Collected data
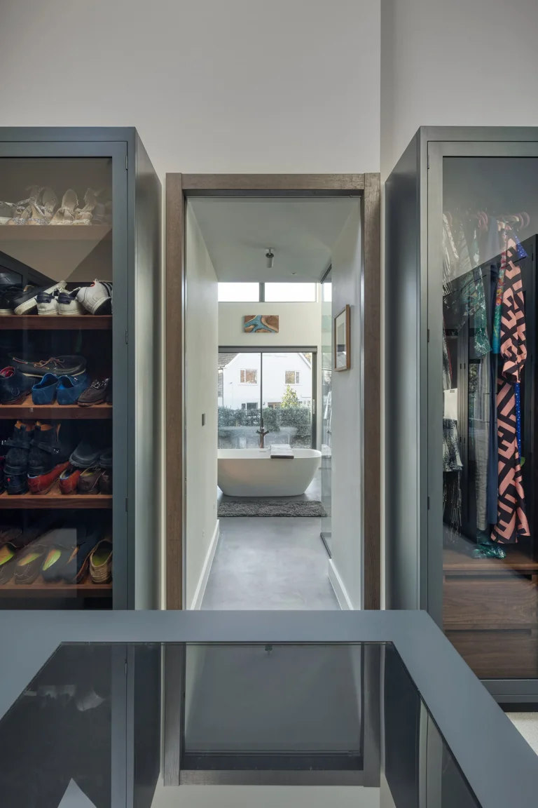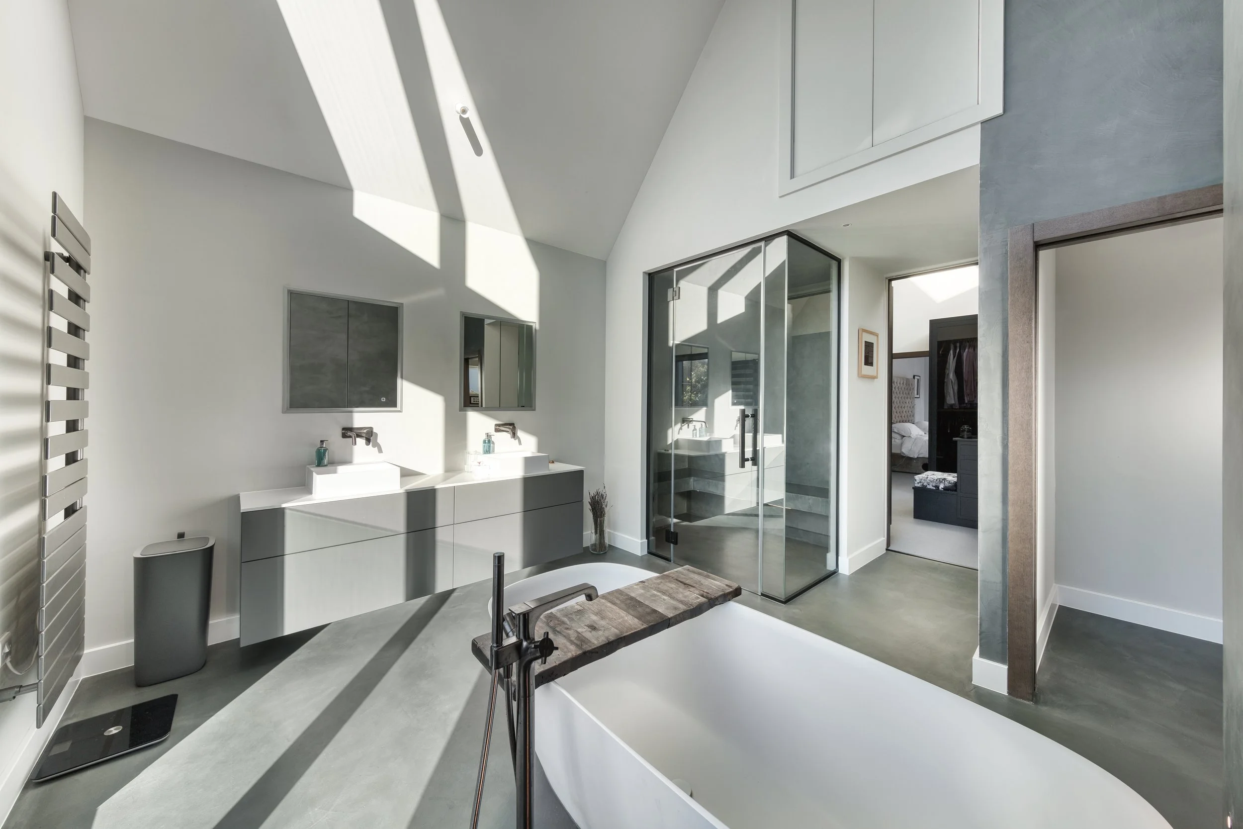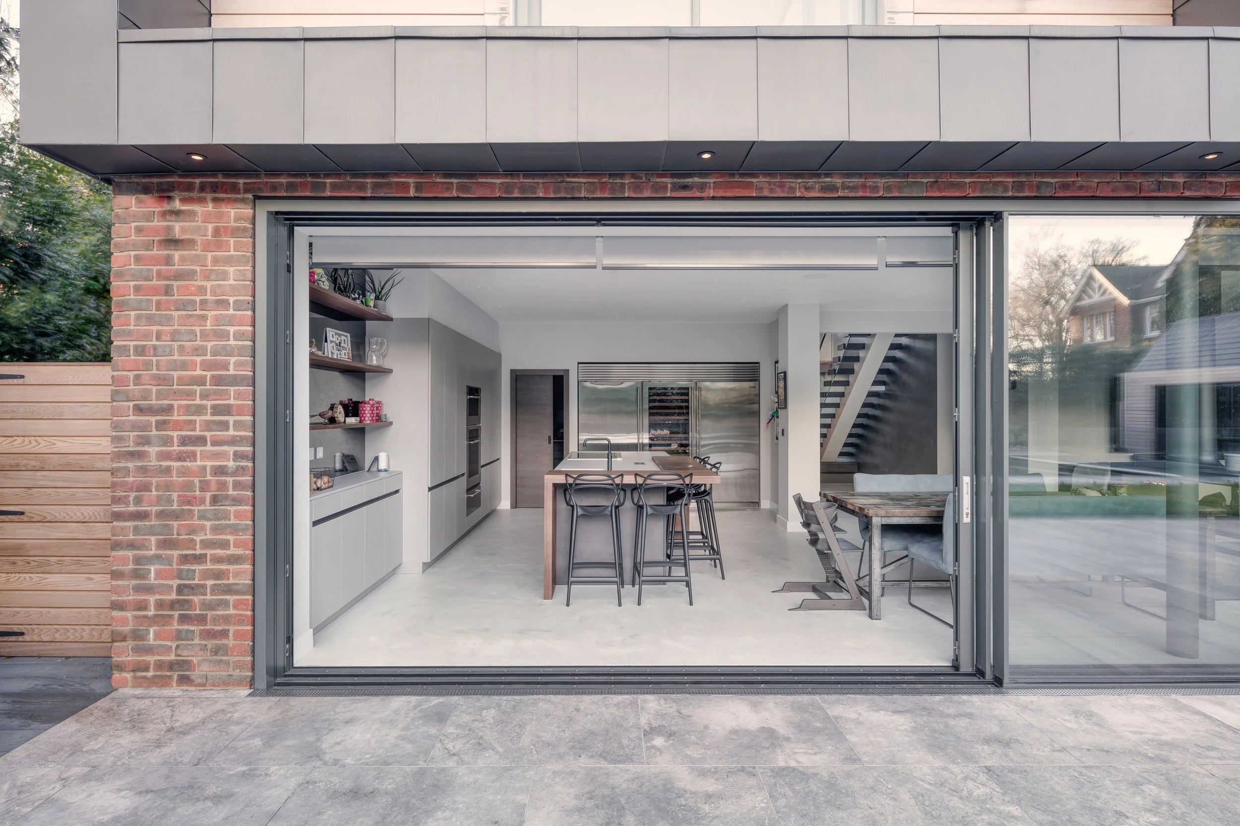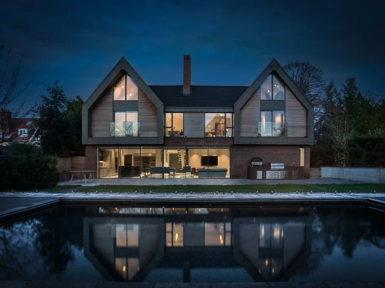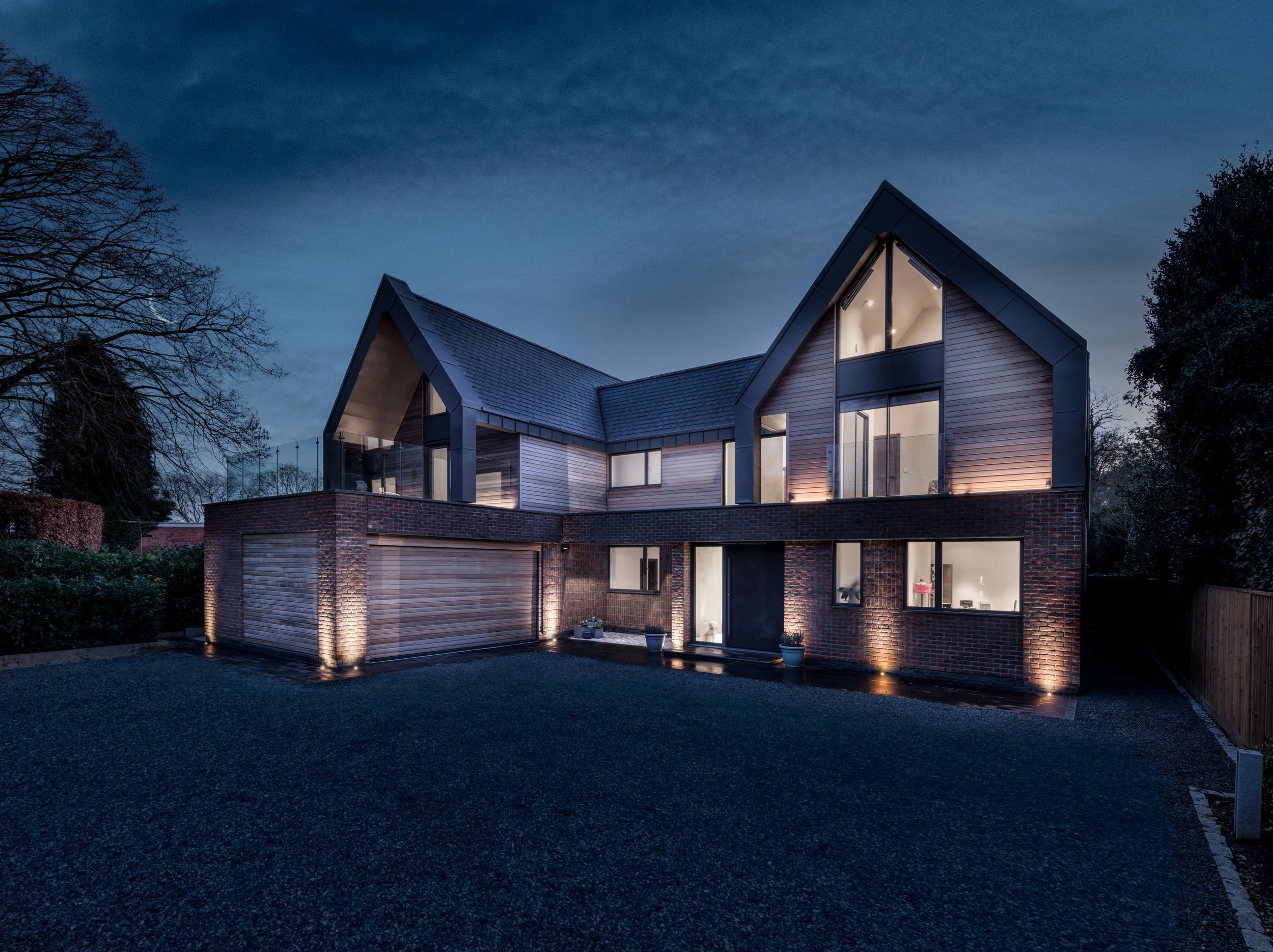 This contemporary 4-bedroom family residence seamlessly blends into its surroundings while also contributing to the local arts and crafts aesthetic. Features a combination of Hampshire Stock Bricks, timber, zinc, and glass elements. This architectural blend creates an intriguing contrast and a playful patchwork of textures and materials.
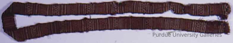 Fiber, alpaca. Bag strap woven with geometric motifs in warp faced double weave technique. Colors include browns and tans.Acquisition
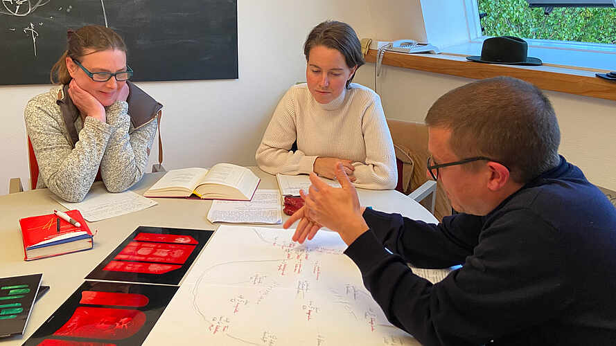 Gespräch zu den "Roten Fenstern" des 1. und 2. Goetheanums | Foto: S.Knust Junge Hochschule – diesen Arbeitstitel haben wir uns nicht gegeben, weil wir besonders jung wären – zwischen 30 und 40 Jahre – sondern eher, weil wir versuchen, einen frischen Blick zu bewahren und einen möglichst unseren Bedürfnissen gemäßen Arbeitsansatz zu praktizieren. Rudolf Steiner hielt gegen Ende seines Lebens 19 sogenannte „Klassenstunden“, die im Wesentlichen aus meditativen Versen (Mantren) und ergänzenden Erläuterungen bestehen und die bis heute ein wichtiger Gegenstand der Auseinandersetzung und Inspiration für viele Gruppierungen in der anthroposophischen Bewegung darstellen. Neben dem gemeinsamen Lesen der Mantren ging es uns auch um ein anknüpfendes Gespräch sowie um künstlerische und meditative Vertiefung einzelner Passagen oder Worte aus den Mantren. Die Arbeit wird von der Anthroposophischen Gesellschaft in Deutschland unterstützt. In den folgenden kurzen Beiträgen geben Mitglieder der Gruppe in kurzen „Blitzlichtern“ wesentliche Erlebnisse oder Lerneffekte wieder.
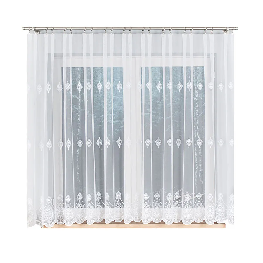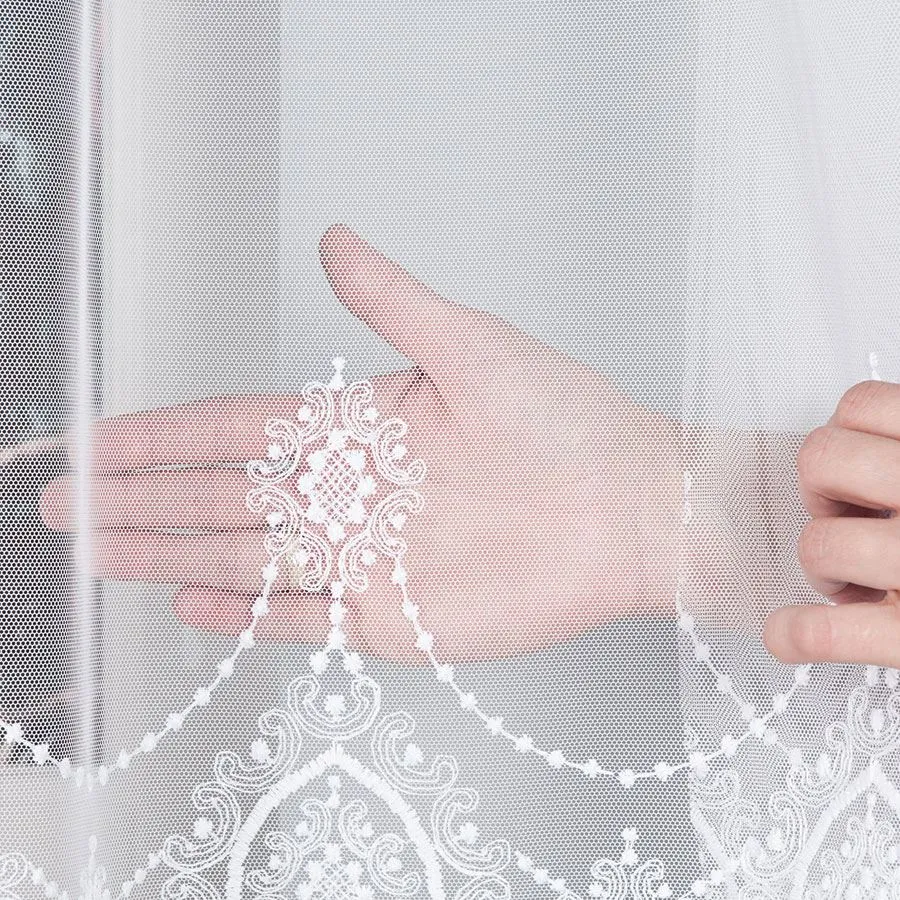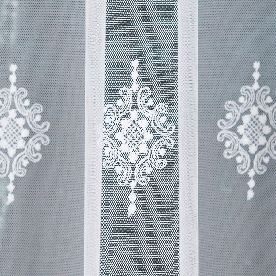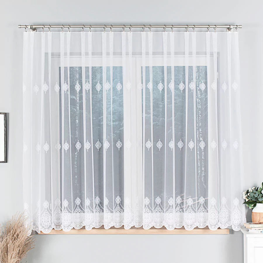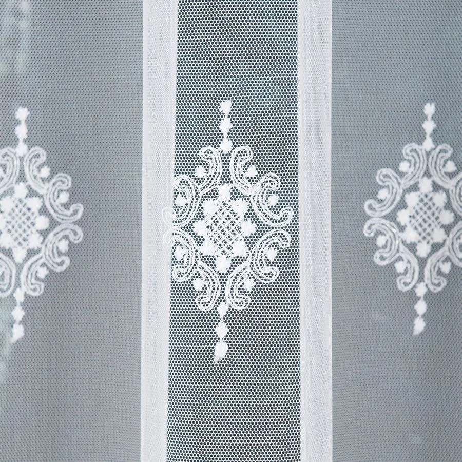 Firanka haftowana, dostępna w metrażu w kolorze białym. Firankę możesz zamówić z usługą szycia w naszej profesjonalnej szwalni - wybierz taśmę lub przelotki, podaj wymiary, a otrzymasz uszytą i gotową do zawieszenia firankę.
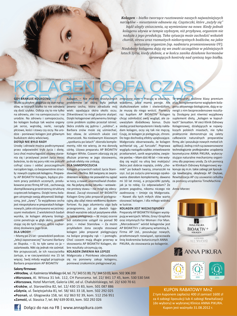 Kolagen – białko tworzące rusztowanie naszych najważniejszych narządów – nieustannie odnawia się. Cząsteczki, które „zużyły się” bądź uległy zniszczeniu, są wymieniane na nowe. Kiedy jednak kolagenu ubywa w tempie szybszym, niż przybywa, organizm nie nadąża z jego produkcją. Taka sytuacja może zachodzić wskutek chorób, stresu oraz rozmaitych niekorzystnych bodźców, na jakie narażamy organizm (np. nadmiaru promieniowania UV). Niedobory kolagenu dają się we znaki szczególnie w późniejszych latach życia, kiedy słabnie, a w końcu zanika działanie hormonów sprawujących kontrolę nad syntezą tego białka. KOLAGEN COFA CZAS GDY BRAKUJE KOLAGENU Skutki są przykre: pogarsza się stan narządów, w których białko to nie odnawia się dość szybko. Odbija się to nie tylko na zdrowiu, ale i na samopoczuciu i na urodzie. Na zdrowiu i samopoczuciu, bo kolagen buduje tak ważne organy jak serce, wątrobę, nerki, narządy płciowe, kości i stawy czy oczy. Na urodzie - ponieważ kolagen jest głównym budulcem skóry właściwej. DOTĄD NIE BYŁO RADY Urodę i zdrowie można podtrzymywać przez odpowiedni tryb życia i dietę. Lecz choć można łagodzić objawy starzenia się i przeżywać jesień życia mniej boleśnie, to do tej pory nikt nie potrafił cofnąć czasu i oddać poszczególnym narządom tego, co bezpowrotnie straciły: nowych cząsteczek kolagenu. Preparaty AP BIOAKTIV Kolagen, będące plonem pracy polskich uczonych, produkowane przez firmę AP Ltd., zachowują skomplikowaną przestrzenną strukturę cząsteczek kolagenu. Dzięki temu kolagen utrzymuje swoją aktywność biologiczną, jest „żywy”. Ta wyjątkowa cecha jest niespotykana w preparatach kolagenowych, jakie otrzymywano wcześniejszymi metodami. Z wieloletnich badań wynika, że kolagen aktywny biologicznie penetruje w głąb skóry, przedostając się do tych miejsc, gdzie najbardziej doskwiera jego brak. DLA URODY – Mamy po 25 lat – powiedzieli podczas „lekcji zapoznawczej” kursanci Barbary ze Słupska. – O, to tyle samo co ja – zażartowała. Nikt się jednak nie zaśmiał. Nie przypuszczali, że ich nauczycielka żartuje, a w rzeczywistości ma 15 lat więcej. Swój młody wygląd przypisuje Barbara preparatom AP BIOAKTIV Kolagen. – Nie miałam drastycznych problemów ze skórą była jednak pewna cecha, która zdradzała mój wiek: opadająca skóra okolic oczu. Zlikwidować to mógł jedynie skalpel. Dzięki kolagenowi aktywnemu biologicznie problem szybko przestał istnieć. Skóra zrobiła się jędrna i „solidna”, a Barbara znów może się uśmiechać, bez obaw, że uśmiech ukaże sieć zmarszczek. Na niedawnym klasowym „spotkaniu po latach” zbierała komplementy, nikt nie wierzy, że ma dorosłą córkę. Używa preparatu AP BIOAKTIV Kolagen White. Czasem zdarzają się jej dłuższe przerwy w jego stosowaniu, jednak efekty nie znikają. DLA SAMOPOCZUCIA Kolagen przywrócił radość życia Stanisławowi z Berlina. Ból związany ze zwyrodnieniem w kostce nie pozwalał mu sypiać w nocy, a nawet uniemożliwiał chodzenie. Na jedyną deskę ratunku – wstawienie protezy stawu – nie mógł się zdecydować. Zaczął stosować AP BIOAKTIV Kolagen Grey jako preparat pielęgnacyjny, aby ulżyć nieco wielkiemu dyskomfortowi. Ku jego zdumieniu ulga była przeogromna, już po dwóch tygodniach wyraźnie odczuł pozytywne efekty takiej pielęgnacji. – W mojej ocenie ból ostatecznie ustąpił na ponad 90 proc. – mówi Stanisław. – Za moim przykładem żona zaczęła stosować kolagen jako preparat pielęgnujący na bolące przeguby rąk – i pomogło. Choć czasem mają długie przerwy w stosowaniu AP BIOAKTIV Kolagen, dobre rezultaty utrzymują się. KOLAGEN ZMIENIA NA LEPSZE Małgorzata z Piotrkowa zdecydowała się na ponowny zakup kolagenu, ponieważ znakomicie pielęgnował jej zmęczone oczy. – Pracuję w oświacie, wiadomo, jakie mamy pensje. Ale skalkulowałam sobie i stwierdziłam, że muszę do niego wrócić. Pierwszy raz kupiłam AP BIOAKTIV Kolagen chcąc odmłodzić swój wygląd, ale zauważyłam dodatkowy bonus. Dużo siedzę przed komputerem i kiedy nakładam kolagen, oczy się tak nie męczą. Czuję, że kolagen je pielęgnuje, chroni. Do tego dochodzą efekty upiększające. Małgorzata obserwowała, że kolagen wchłaniał się, „aż furczało”. Poprawa wyglądu nastąpiła szybko: zniwelowanie przebarwień, zanik wyprysków, zwężenie porów. – Mam dziś 46 lat – i nie wstydzę się wyjść na ulicę bez makijażu! Skóra jest dobrze napięta, znikły „chomiki” po bokach twarzy, zmarszczki na szyi. Już po zużyciu pierwszego opakowania zbierałam komplementy, dawano mi 10 lat mniej, a przyjaciółki pytały, jak ja to robię. Co odpowiadam? Że jestem pogodna, nikomu niczego nie zazdroszczę – śmieje się Małgorzata. – Nawet dla tych miłych słów warto stosować kolagen. I dla miłego widoku w lustrze. KOLAGEN JEST NIEZASTĄPIONY Preparaty AP BIOAKTIV Kolagen występują w wersjach: White, Grey i Graphite oraz intymnych For Woman i For Man. „Mercedesem” wśród kolagenów jest AP BIOAKTIV+ z aktywną witaminą A. Firma AP Ltd., poszukując nowych, przełomowych rozwiązań, opracowała linię biokremów botanicznych ANNA PIKURA, do stosowania po kolagenie. Te preparaty roślinne klasy premium plus, komplementarne względem kolagenu aktywnego biologicznie, dają w synergii z nim bezprecedensowe rezultaty. Dostępny jest również wyjątkowy suplement diety, „kolagen w kapsułkach” Sensation. W sieci Klinik Odnowy Kolagenowej, działających w największych polskich miastach, nie tylko praktycznie demonstruje się zalety całkowicie naturalnych preparatów firmy, ale i poszukuje nowych metod ich aplikacji. Jedną z nich są zaawansowane technologicznie profesjonalne urządzenia kosmetyczne ANNA PIKURA, wykorzystujące naturalne mechanizmy organizmu dla poprawy urody. Za ich pomocą w

### Task details
Skip the pictures. Restate exactly the lines from the start of the entries through the line containing "Firanka haftowana, dostępna", both ends included.

### Task answer
 This contemporary 4-bedroom family residence seamlessly blends into its surroundings while also contributing to the local arts and crafts aesthetic. Features a combination of Hampshire Stock Bricks, timber, zinc, and glass elements. This architectural blend creates an intriguing contrast and a playful patchwork of textures and materials.
 Fiber, alpaca. Bag strap woven with geometric motifs in warp faced double weave technique. Colors include browns and tans.Acquisition
 Gespräch zu den "Roten Fenstern" des 1. und 2. Goetheanums | Foto: S.Knust Junge Hochschule – diesen Arbeitstitel haben wir uns nicht gegeben, weil wir besonders jung wären – zwischen 30 und 40 Jahre – sondern eher, weil wir versuchen, einen frischen Blick zu bewahren und einen möglichst unseren Bedürfnissen gemäßen Arbeitsansatz zu praktizieren. Rudolf Steiner hielt gegen Ende seines Lebens 19 sogenannte „Klassenstunden“, die im Wesentlichen aus meditativen Versen (Mantren) und ergänzenden Erläuterungen bestehen und die bis heute ein wichtiger Gegenstand der Auseinandersetzung und Inspiration für viele Gruppierungen in der anthroposophischen Bewegung darstellen. Neben dem gemeinsamen Lesen der Mantren ging es uns auch um ein anknüpfendes Gespräch sowie um künstlerische und meditative Vertiefung einzelner Passagen oder Worte aus den Mantren. Die Arbeit wird von der Anthroposophischen Gesellschaft in Deutschland unterstützt. In den folgenden kurzen Beiträgen geben Mitglieder der Gruppe in kurzen „Blitzlichtern“ wesentliche Erlebnisse oder Lerneffekte wieder.
 Firanka haftowana, dostępna w metrażu w kolorze białym. Firankę możesz zamówić z usługą szycia w naszej profesjonalnej szwalni - wybierz taśmę lub przelotki, podaj wymiary, a otrzymasz uszytą i gotową do zawieszenia firankę.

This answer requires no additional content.